When we compared SNP and allele-based phylogenies for seven clusters comprising 52 isolates from a longitudinal molecular epidemiological study in Hamburg, Germany [18, 23, 30], a slight reduction in discriminatory power was seen (Table 3). However, overall tree phylogenies were not affected, the genome cluster defined by the SNP-based cluster analysis were all confirmed by cgMLST, and only one additional genome cluster was suggested.

The resolution level retained by the cgMLST scheme is thus still sufficient to analyze individual outbreaks, up to the identification of likely transmission chains. Importantly, the analysis of particular outbreaks can be done subsequently with the accessory genome set of 755 genes allowing for improved resolution.

Using cgMLST typing has several advantages compared to SNP-based approaches. Genetic relationships based on allelic profiles can be calculated at drastically reduced computational costs compared to SNP data, expandable strain databases can be created as the full allele profiles for all strains are readily available, and allele profiles can be easily exchanged between laboratories.

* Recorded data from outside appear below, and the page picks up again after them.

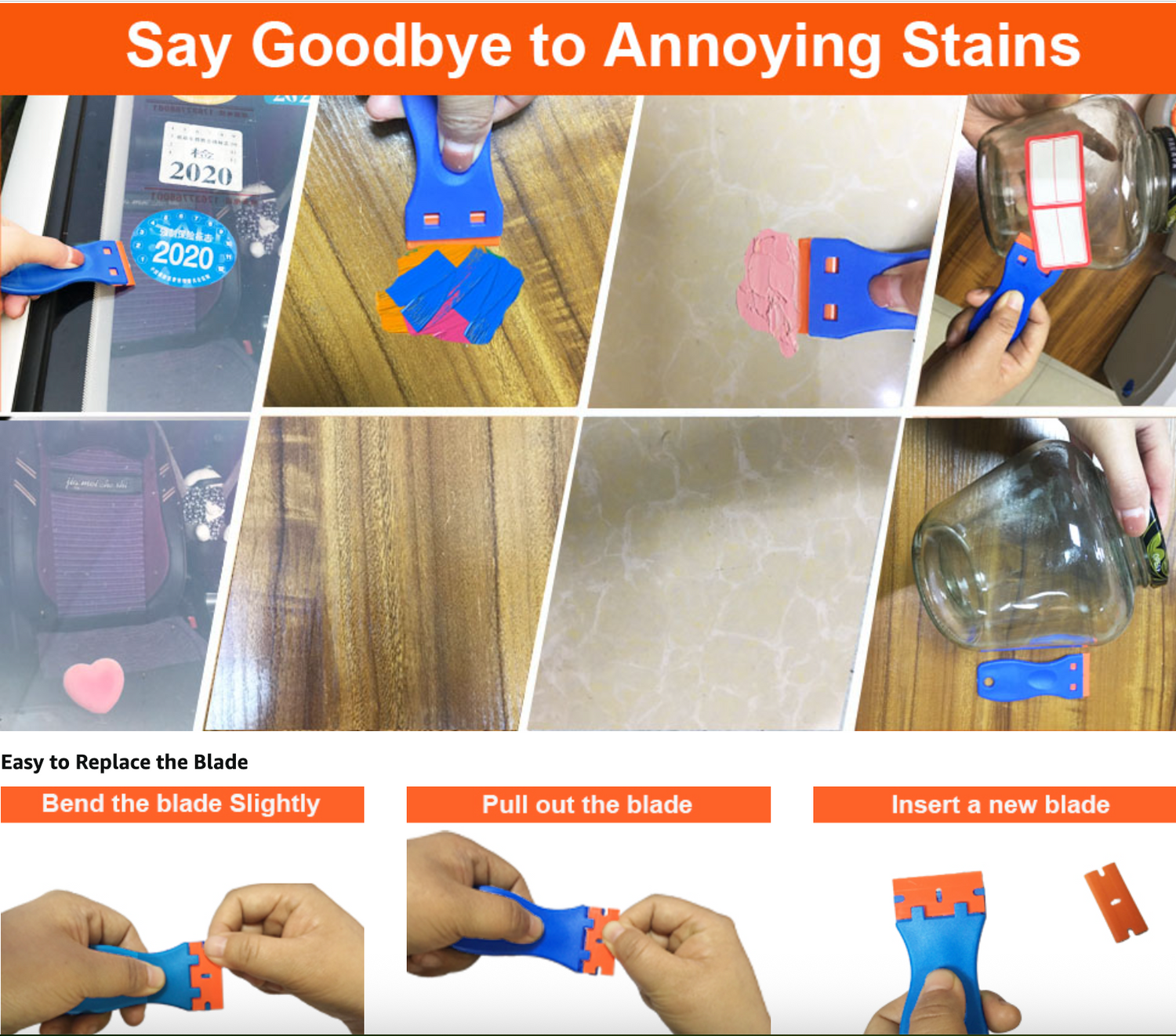 Are you still annoying about the difficult removal of labels, decals, stickers, glue, paint, adhesive, food residue, etc.? Are you still using your fragile nails to remove the above stains? If so, then it is time for you to take KWBGJQ plastic scrapers around your house, and you will find that your cleaning has never been so easy. What Will You Get? Including 4pcs scrapers and 100pcs extra plastic double edged blades. Sufficient quantity and complete your combination can meet your daily needs and replacement.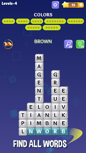 Welcome to word stacks game, Test your notice skills, Play this perfect wordscapes game which is a brain teaser. You are free to play it any time and any where. No boring with large variety of words themes(Animals, food, music, whether, ..)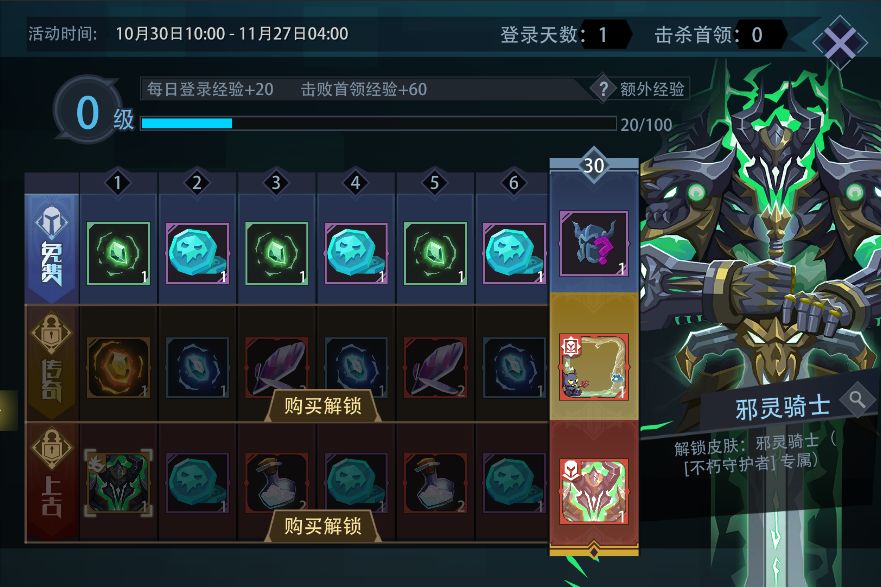 活动内容:活动期间,每日登录或击杀首领可获得经验;提升徽记等级。免费徽记默认开放,传奇徽记和上古徽记需购买解锁。徽记达到对应的等级,可领取对应档位的奖励。免费徽记可获得“勇士英魂”、“次元碎片”、“随机英雄”等好礼;传奇徽记可获得“传奇英魂”、“次元碎片”、“神祗碎片”、“限定动态头像框[萌鬼之夜]”等好礼;上古徽记可获得“幻彩之尘”、“英雄[不朽守护者]的专属皮肤[邪灵骑士]”以及专属头像[邪灵骑士(闪)]等豪礼。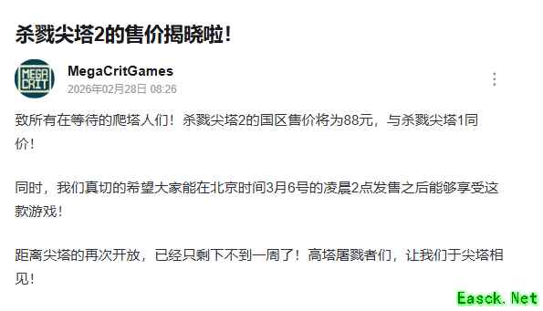 今日,《杀戮尖塔2》制作组MegaCritGames在B站发文表示,《杀戮尖塔2》国区售价确认为88元人民币,与前作一致。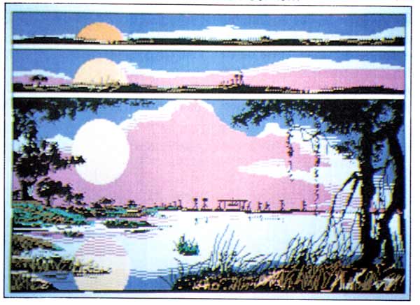 Nach einer längeren Ladezeit (zwei Disketten) ertönt eine digitalisierte Musiksequenz aus dem Lautsprecher. Danach startet das Spiel und - siehe da - ein alter Bekannter! Nicht nur, dass es sich bei der Spielidee um ein klassisches Ballerspiel handelt dieses Spiel hat auch eine verblüffende Ähnlichkeit mit XTRON, das in einer der vorherigen Ausgaben besprochen wurde. Diese Ähnlichkeit ist kein Zufall, denn schließlich ist es das gleiche Autoren-Team, das beide Spiele entwickelt hat. TYPHOON Ist also eine neue Variante des alten Spiels. Ein Raumschiff überfliegt eine von Szene zu Szene wechselnde Landschaft und wird dabei von anderen Raumschiffen angegriffen. Die Raumschiffe kommen aus allen Ecken, zusätzlich fliegen noch Gegenstände durch den Raum, die man nicht berühren soll. Auf dem Bildschirm herrscht somit bisweilen ein wunderschönes Chaos, das von JoystickAkrobaten wirklich das Letzte verlangt. Der Spieler kann jedoch sein Raumschiff über den gesamten Bildschirm bewegen und somit völlig ungebunden jedem Angreifer entgehen. Wenn man es am Anfang einer Runde schafft, einen der heruntertrudelnden Taler aufzufangen, dann sind die besten Voraussetzungen gegeben, die Runde schadlos zu überstehen, denn jetzt ist entweder das Ballern viel effektiver, oder man ist für eine Weile unverwundbar.

The latter is particular true as we have established a freely accessible web-based nomenclature server, which facilitates assignment and storage of allele numbers, thus opening the way towards standardized cgMLST typing based on an allele database. This represents the first opportunity for establishment of a globally harmonized typing scheme for Mtbc isolates based on NGS data that can be used for unified global surveillance efforts and guide the computational expensive SNP-bases analysis to suspected outbreaks.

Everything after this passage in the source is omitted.